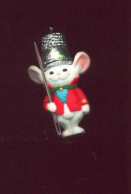 Thimble Ornament. Red and white plastic mouse with metal thimble hat, carrying a needle in one hand.Stamped on back of thimble hat Ò18982 Hallmark Cards Inc.Ó Stamped 5 on red coat on back to signify 5th of series. Box marked Made in Hong Kong. .
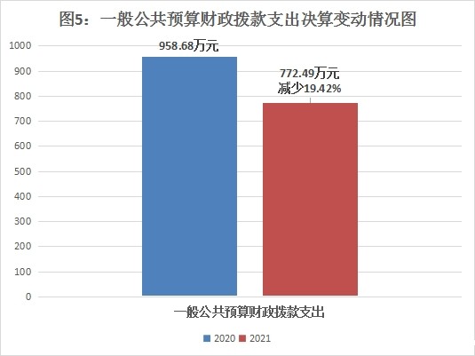 2021年一般公共预算财政拨款支出772.49万元,占本年支出合计的88.34%%。与2020年相比,一般公共预算财政拨款减少186.19万元,减少19.42%。主要变动原因是项目减少。
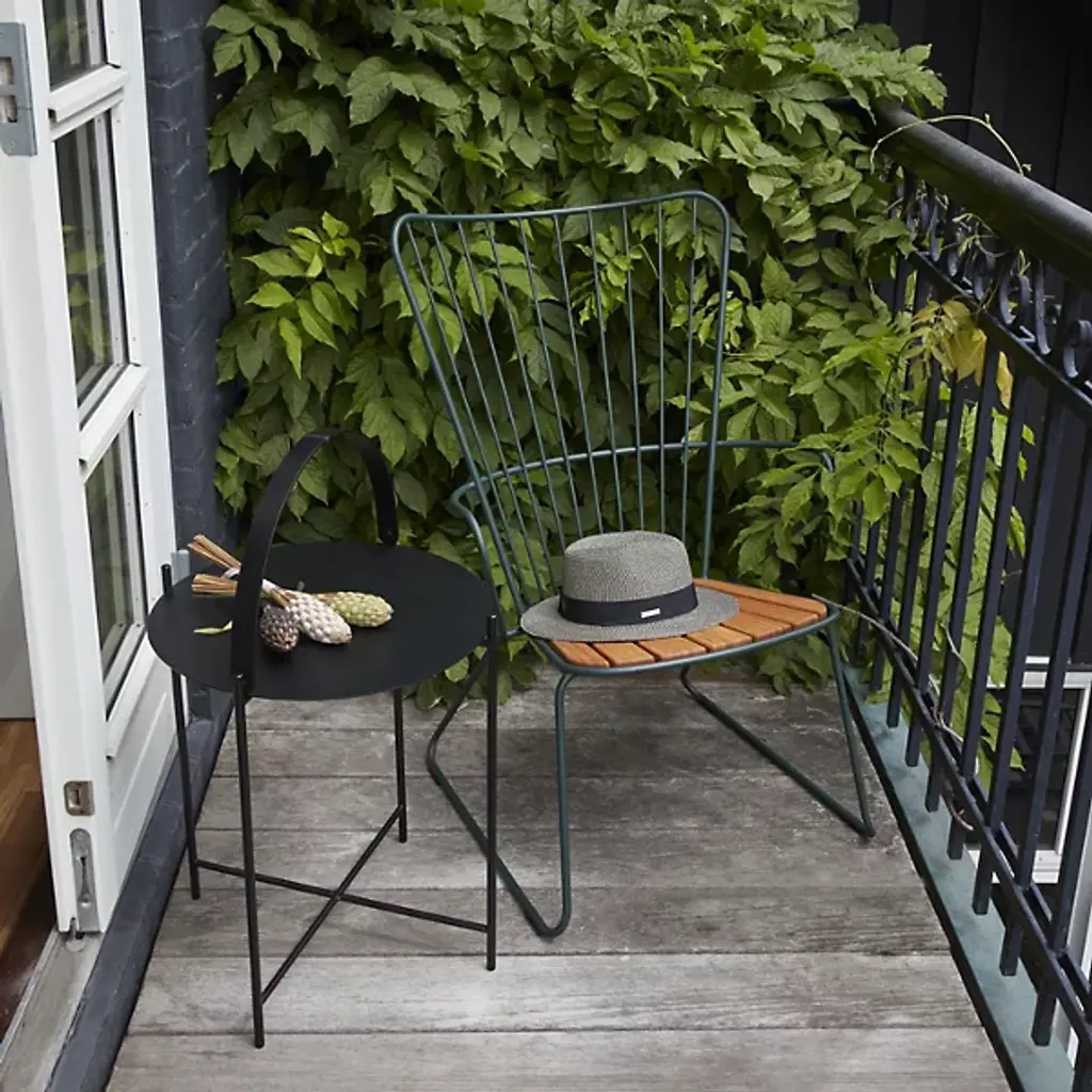 Enjoy your mealtimes with the Paon Outdoor Dining Chair Set of 2 by Houe. Steel has been elegantly crafted into a slender frame with a ribbed seatback. The chair’s strong legs form pyramid-like silhouettes while providing you with postural support. The arms of this chair contour gracefully, giving this furnishment a streamlined appearance. Place this chair in your contemporary kitchen so that you will be elevated to the right height when seated before your dinner table.
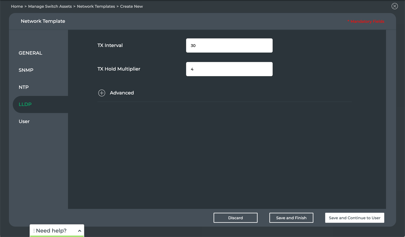 LLDP advertises device identities, capabilities, and neighbors. The network template enables you to specify how often you want the advertisement to take place and how long those messages should remain alive on the network.
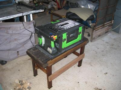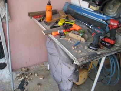 Παλιο ξυλινο κασελι...καθαριστηκε ,βαφτηκε , μπηκαν ροδακια.... Αλυσιδακι για να το κραταει ανοιχτο κ κοπηκε κομματι απο φυλλο αλουμινιου ,2.5 χιλ. , για τον πατο... Θα κατεβει αυλη κ θα μπουν μεσα ολα τα κηπουρικα εργαλεια , γιατι σημερα που εφτιαχνα τον κηπο ανεβοκατεβαινα.... Επισης απο παλια ζωνη μπηκαν χερουλια! Απο τη σαβουρα της ξυλειας [ οτι να ναι!] κ κομματι παλιας παλετας φτιαχτηκε αρπα κολα μινι παγκος για το πολυμηχανημα cel 8... Oπου ειχα λιγο αξιοπρεπες παχος στα δοκαρακια εγιναν κοψιματα για να φωλιασουν τα ποδια , κ δεσιματα, τα υπολοιπα οτι να ναι αναγκαστικα ,λογω ελλειψης πρωτης υλης!!!!! Μπηκε πανω αντιολισθητικο πλαστικο κ περαστηκε με λαδι γιατι θα ναι μονιμως εξω.... Μπηκε πανω το πολυμηχανημα [μην το παρει καποιος αν εχει μετριες κ πανω απαιτησεις, δεν αξιζει τον κοπο, δεν εχει δυναμη] κ κοπηκε ρεταλι στις διαστασεις που χρειαζομουν... Συνδεθηκε κ με μια παλια σκουπα που ηταν προχειρη κ γλυτωσαμε αρκετη σκονη κ πριονιδι... Κοπηκε παχυ αφρολεξ κ με το ρεταλι δερματινης ξεκινησε ενα μαξιλαρι για σκαμνακι.... Αφου τεντωσουμε καλα τη δερματινη , αρχιζουμε να καρφωνουμε, τα περισσευματα απ τις γωνιες τα κοβω μ αυτο τον τροπο, γυριζω κ καρφωνω.... Αν εχει χρονο φιλος ταπετσερης θα φωτογραφισω κ θα δειξω τη σωστη διαδικασια να χουμε ενα μπουσουλα κ σεις κ γω. Το σκαμνι που βρεθηκε πεταμενο ειναι σε φαση μονταρισματος με ξυλοκολλα, αλλα η δοκιμη εγινε κ ειχε επιτυχια! κ ενα γτηγορο χερουλι απο ρεταλι σε παλιο σκαλιστηρι.... δεν πεταμε τιποτα!!!!!!!!!!! Ενας μικρος χαμος εγινε βεβαια..... Σκαρπελο -ρασπα ΝΙΚΟΛΣΟΝ vs σκαρπελο , καλο μεν , αλλα χιλιοταλαιπορημενο κ οχι σωστα τροχισμενο....το παλιο ξυριζε σε χρονο 0 , το αλλο δεν.... Επισης μια μεζουρα κολληθηκε σε παγκο που δεν γινονται βαριες δουλειες κ καρφωθηκε εξτρα με συραπτικο.... πολυ χρησιμη για γρηγορες μετρησεις κ σημαδεματα.
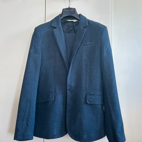 Smalt og pent snitt med sjalkrage i sort satin, klassiske lommer og helfôret innside. Formell nok til bryllup og konfirmasjon, sofistikert nok til Valentines-date, og absolutt brukbar til smart casual med mørke jeans og skjorte.
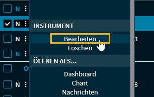 Öffnen Sie im Widget "Kursliste" in der Übersicht in der Zeile mit der zu bearbeitenden Position über das Menü-Icon das Menü und wählen Sie dort den Befehl INSTRUMENT BEARBEITEN.
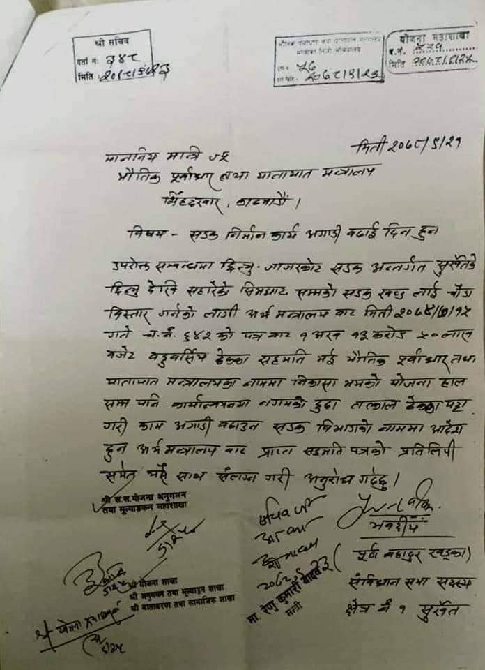 संविधानसभा सदस्यको हैसियतले नेता पूर्णबहादुर खड्काले २०७८ पुस २१ मा भौतिक पूर्वाधार तथा यातायात मन्त्रालयलाई सडक निर्माण सुरु गर्न लेखेको पत्र ।
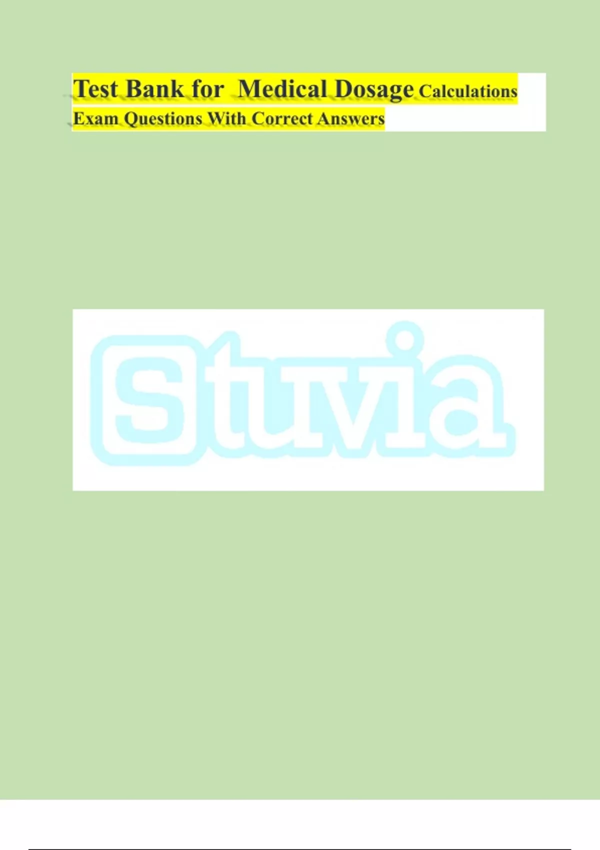 Test Bank for Medical Dosage Calculations Exam Questions With Correct Answers
──────
Print the records above verbatim, pictures excluded.

 Thimble Ornament. Red and white plastic mouse with metal thimble hat, carrying a needle in one hand.Stamped on back of thimble hat Ò18982 Hallmark Cards Inc.Ó Stamped 5 on red coat on back to signify 5th of series. Box marked Made in Hong Kong. .
 2021年一般公共预算财政拨款支出772.49万元,占本年支出合计的88.34%%。与2020年相比,一般公共预算财政拨款减少186.19万元,减少19.42%。主要变动原因是项目减少。
 Enjoy your mealtimes with the Paon Outdoor Dining Chair Set of 2 by Houe. Steel has been elegantly crafted into a slender frame with a ribbed seatback. The chair’s strong legs form pyramid-like silhouettes while providing you with postural support. The arms of this chair contour gracefully, giving this furnishment a streamlined appearance. Place this chair in your contemporary kitchen so that you will be elevated to the right height when seated before your dinner table.
 LLDP advertises device identities, capabilities, and neighbors. The network template enables you to specify how often you want the advertisement to take place and how long those messages should remain alive on the network.
 Παλιο ξυλινο κασελι...καθαριστηκε ,βαφτηκε , μπηκαν ροδακια.... Αλυσιδακι για να το κραταει ανοιχτο κ κοπηκε κομματι απο φυλλο αλουμινιου ,2.5 χιλ. , για τον πατο... Θα κατεβει αυλη κ θα μπουν μεσα ολα τα κηπουρικα εργαλεια , γιατι σημερα που εφτιαχνα τον κηπο ανεβοκατεβαινα.... Επισης απο παλια ζωνη μπηκαν χερουλια! Απο τη σαβουρα της ξυλειας [ οτι να ναι!] κ κομματι παλιας παλετας φτιαχτηκε αρπα κολα μινι παγκος για το πολυμηχανημα cel 8... Oπου ειχα λιγο αξιοπρεπες παχος στα δοκαρακια εγιναν κοψιματα για να φωλιασουν τα ποδια , κ δεσιματα, τα υπολοιπα οτι να ναι αναγκαστικα ,λογω ελλειψης πρωτης υλης!!!!! Μπηκε πανω αντιολισθητικο πλαστικο κ περαστηκε με λαδι γιατι θα ναι μονιμως εξω.... Μπηκε πανω το πολυμηχανημα [μην το παρει καποιος αν εχει μετριες κ πανω απαιτησεις, δεν αξιζει τον κοπο, δεν εχει δυναμη] κ κοπηκε ρεταλι στις διαστασεις που χρειαζομουν... Συνδεθηκε κ με μια παλια σκουπα που ηταν προχειρη κ γλυτωσαμε αρκετη σκονη κ πριονιδι... Κοπηκε παχυ αφρολεξ κ με το ρεταλι δερματινης ξεκινησε ενα μαξιλαρι για σκαμνακι.... Αφου τεντωσουμε καλα τη δερματινη , αρχιζουμε να καρφωνουμε, τα περισσευματα απ τις γωνιες τα κοβω μ αυτο τον τροπο, γυριζω κ καρφωνω.... Αν εχει χρονο φιλος ταπετσερης θα φωτογραφισω κ θα δειξω τη σωστη διαδικασια να χουμε ενα μπουσουλα κ σεις κ γω. Το σκαμνι που βρεθηκε πεταμενο ειναι σε φαση μονταρισματος με ξυλοκολλα, αλλα η δοκιμη εγινε κ ειχε επιτυχια! κ ενα γτηγορο χερουλι απο ρεταλι σε παλιο σκαλιστηρι.... δεν πεταμε τιποτα!!!!!!!!!!! Ενας μικρος χαμος εγινε βεβαια..... Σκαρπελο -ρασπα ΝΙΚΟΛΣΟΝ vs σκαρπελο , καλο μεν , αλλα χιλιοταλαιπορημενο κ οχι σωστα τροχισμενο....το παλιο ξυριζε σε χρονο 0 , το αλλο δεν.... Επισης μια μεζουρα κολληθηκε σε παγκο που δεν γινονται βαριες δουλειες κ καρφωθηκε εξτρα με συραπτικο.... πολυ χρησιμη για γρηγορες μετρησεις κ σημαδεματα.
 Smalt og pent snitt med sjalkrage i sort satin, klassiske lommer og helfôret innside. Formell nok til bryllup og konfirmasjon, sofistikert nok til Valentines-date, og absolutt brukbar til smart casual med mørke jeans og skjorte.
 Öffnen Sie im Widget "Kursliste" in der Übersicht in der Zeile mit der zu bearbeitenden Position über das Menü-Icon das Menü und wählen Sie dort den Befehl INSTRUMENT BEARBEITEN.
 संविधानसभा सदस्यको हैसियतले नेता पूर्णबहादुर खड्काले २०७८ पुस २१ मा भौतिक पूर्वाधार तथा यातायात मन्त्रालयलाई सडक निर्माण सुरु गर्न लेखेको पत्र ।
 Test Bank for Medical Dosage Calculations Exam Questions With Correct Answers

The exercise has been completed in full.